Identify missing data: Use methods like df.isnull().sum() to see which features have missing values and their percentage.
Strategies:
- Numerical features: Impute with mean/median (if data is symmetric/skewed), or use KNN imputation for more accuracy.
- Categorical features: Impute with mode (most frequent value), or use a special category like "Unknown".
- High missing rate (>40%): Consider dropping such columns if they don’t add much value.
2. Encode the Categorical Features
Decision Trees handle categorical data in split-based form, but sklearn’s implementation requires numerical encoding.
Options:
- One-Hot Encoding: For nominal categories (e.g., blood type: A, B, AB, O).
- Ordinal Encoding: For ordered categories (e.g., disease stage: mild < moderate < severe).
Use ColumnTransformer in sklearn to apply different encodings to different feature types in one pipeline.
3. Train a Decision Tree Model
- Split the dataset into train/test sets (e.g., 70/30 split) or use stratified k-fold cross-validation (important if classes are imbalanced).
4. Tune Hyperparameters
Decision Trees can overfit if not pruned. Use GridSearchCV or RandomizedSearchCV.
Key hyperparameters:
max_depth: Controls tree depth.
min_samples_split: Minimum samples to split a node.
min_samples_leaf: Minimum samples at a leaf node.
criterion: "gini" or "entropy" (impurity measure).
5. Evaluate Model Performance
Use multiple metrics (accuracy alone can be misleading in healthcare):
Confusion Matrix (TP, FP, TN, FN).
Precision (how many predicted positives are correct).
Recall / Sensitivity (how many actual positives are detected).
F1-score (balance between precision and recall).
ROC-AUC (probability model ranks a random positive higher than a random negative).

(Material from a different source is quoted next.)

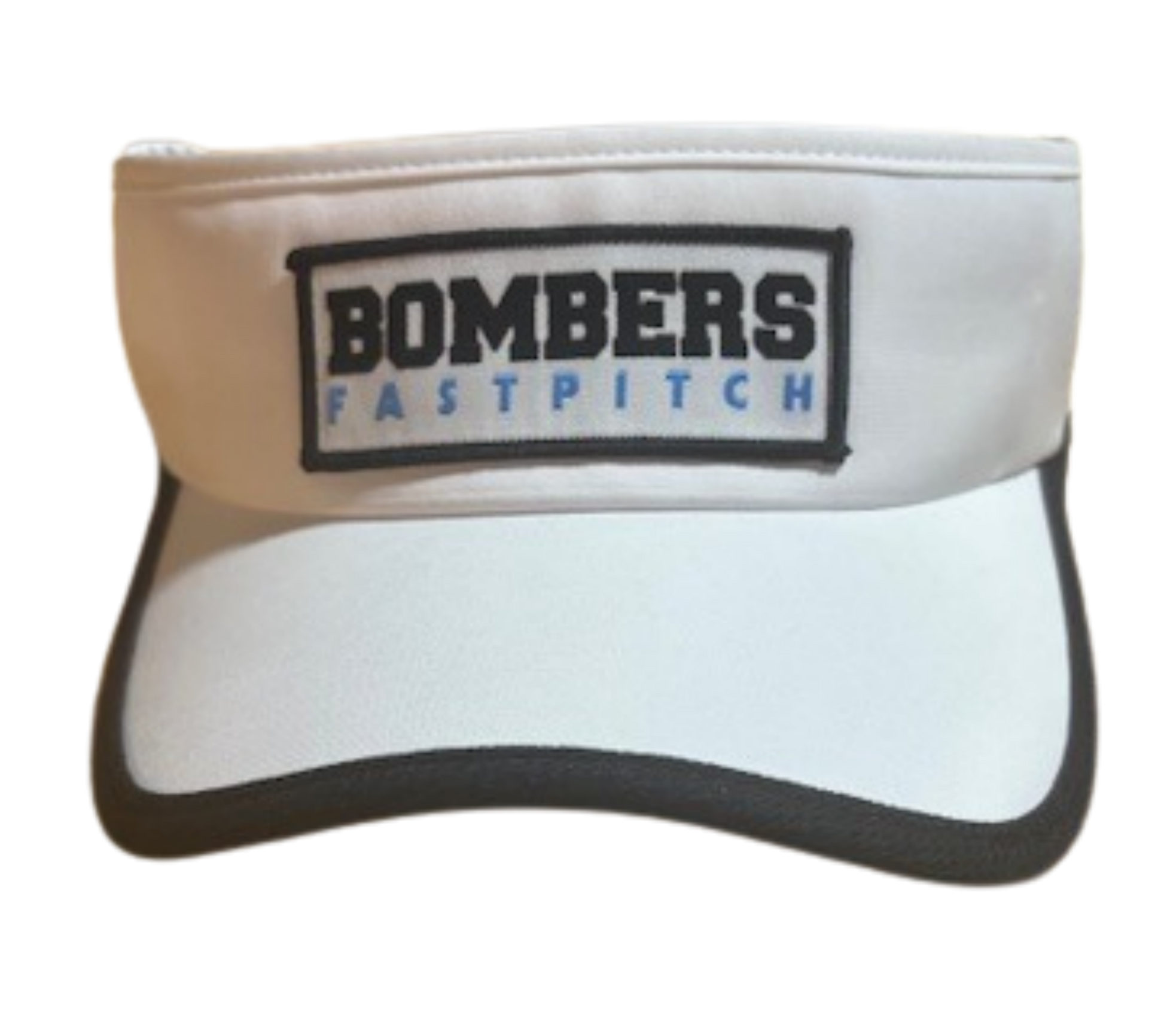 A moisture-wicking colorfast visor featuring the Bombers Fastpitch Label Patch.

6. Business Value in Healthcare
- Early Diagnosis: Helps flag high-risk patients for further medical tests.
Resource Allocation: Hospitals can prioritize limited resources (ICU beds, diagnostic tests) for high-risk patients.
- Personalized Treatment: Assists doctors in tailoring treatments based on predicted risk.
- Cost Savings: Reduces unnecessary tests for low-risk patients, saving both time and money.
- Patient Outcomes: Ultimately improves survival rates by catching diseases earlier.